What If Women Ruled the World

Recently, I took a trip to the National Museum of Women in the Arts which is located near Metro Center and is "the only major museum in the world solely dedicated to championing women through the arts" according to their website.


They display and preserve a collection of over 5,000 objects by about 1,000 different female artists, and the art dates from the Renaissance period to now. Unfortunately, I only got to see a couple of the exhibits when I went because they were actually in the process of setting up for a wedding (which looked amazing), so some areas were closed off.


What I did get the chance to see, though, was really incredible, especially the exhibit called Magnetic Fields: Expanding American Abstraction, 1960s to Today. The exhibit featured pieces by twenty-one black female artists from multiple generations.


Mary Lovelace O'Neal painting

"Racism is Like Rain, Either it's Raining or it's Gathering Somewhere" by Mary Lovelace O'Neal


I particularly enjoyed the piece (pictured above) by the artist Mary Lovelace O'Neal, who was born in 1942 in Jackson, Mississippi. It's a large piece that makes you feel dwarfed as you stand in front to admire the colors and movement in the brush strokes. I find the artist's intent to symbolize a more universal human experience and to demonstrate that racism permeates everywhere an extremely powerful and important mission.


Maren Hassinger sculpture

"Wrenching News" by Maren Hassinger


Another piece of the Magnetic Fields exhibit that I enjoyed was created by Maren Hassinger in 2008. It is made of shredded and twisted pieces of New York Times newspapers to recall the events and aftermath of Hurricane Katrina. Hurricane Katrina particularly affected the African American neighborhoods in New Orleans in 2005. The work is meant to start a conversation about current struggles and global issues related to democracy, climate change, and poverty. It also made me consider the ways in which we receive our news; 2005 was twelve years ago and nowadays more people are choosing online articles over print. It's interesting to consider how things have changed.

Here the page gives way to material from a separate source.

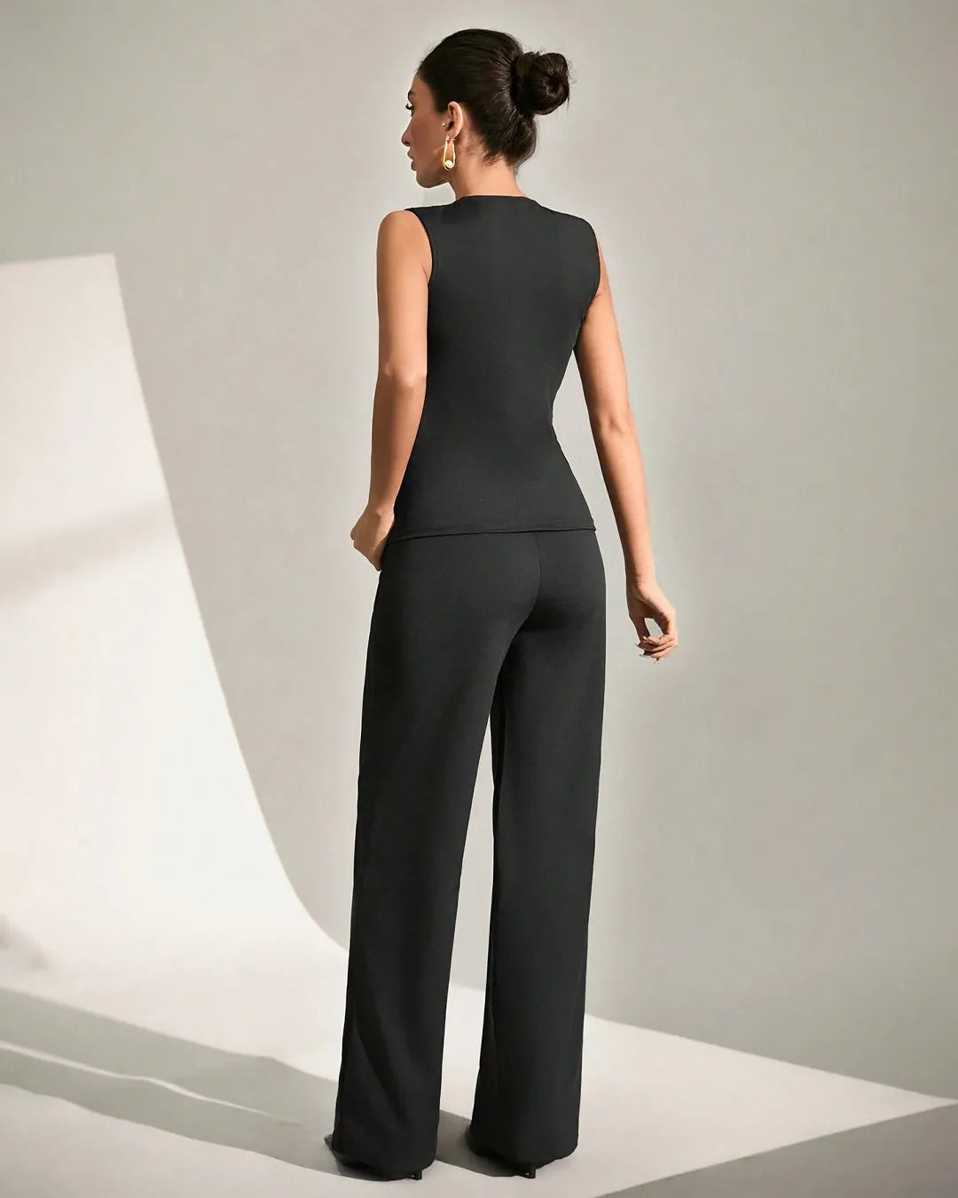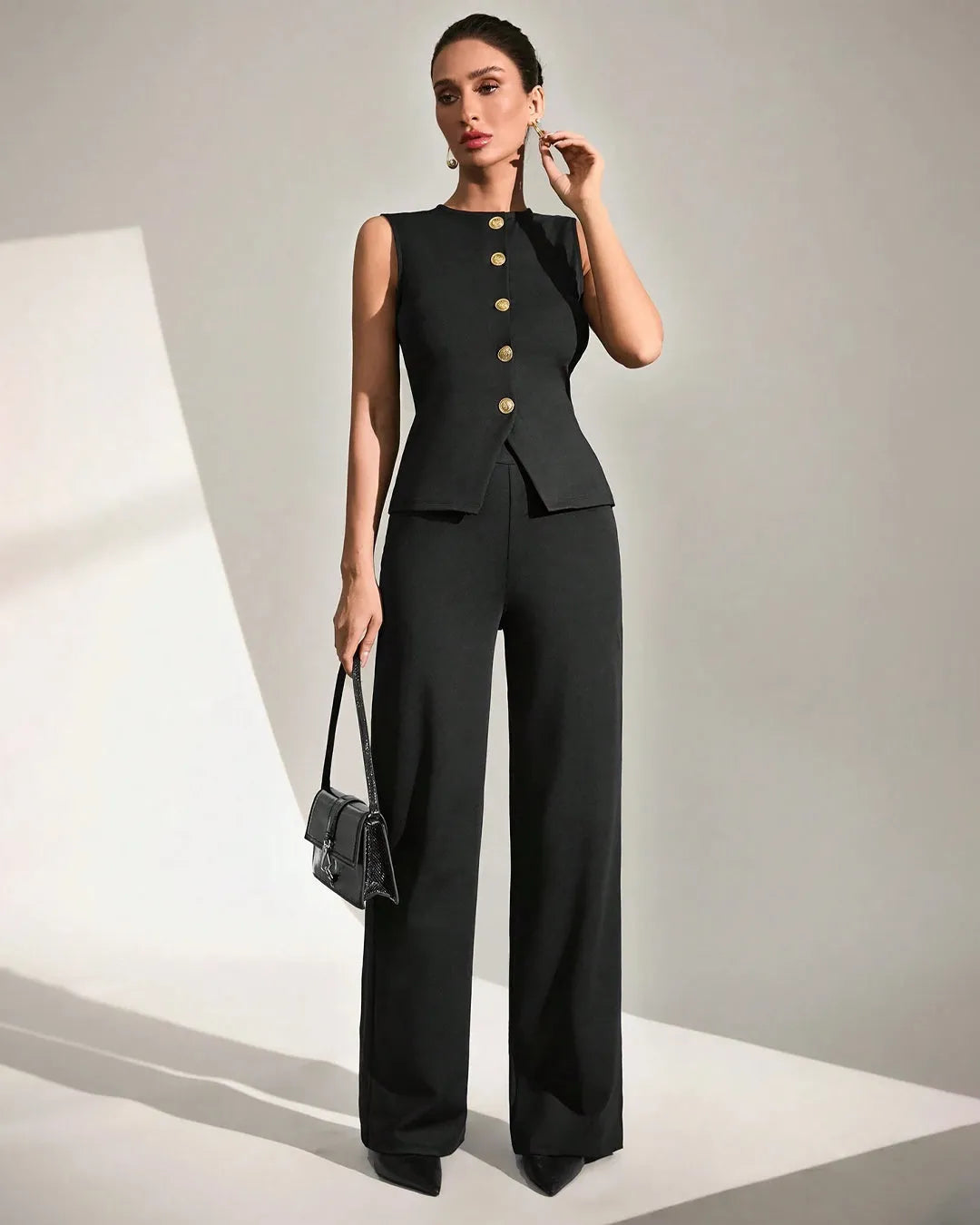 This pant top set is a sleek, power-dressing essential. The sleeveless peplum top with gold button accents sculpts the waist, while the wide-leg pants create a graceful, elongated silhouette. Designed to move seamlessly between professional and evening settings.

I've always loved art and visiting art museums; art provides the opportunity to creatively explore challenging topics like racism, religion, politics, current events, diversity, identity, and so much more. And as a feminist, I loved going to a museum that features and celebrates female artists even more.


Representation matters and providing female artists an exclusive space to display their art is important and valuable. I left the museum thinking deeply about what it means to be a woman and feeling very empowered. I encourage people of all genders and identities to check out the National Museum of Women in the Arts.


What if Women Ruled the World

"What if Women Ruled the World" by Yael Bartana


And, when you go, consider the question: "what if women ruled the world?"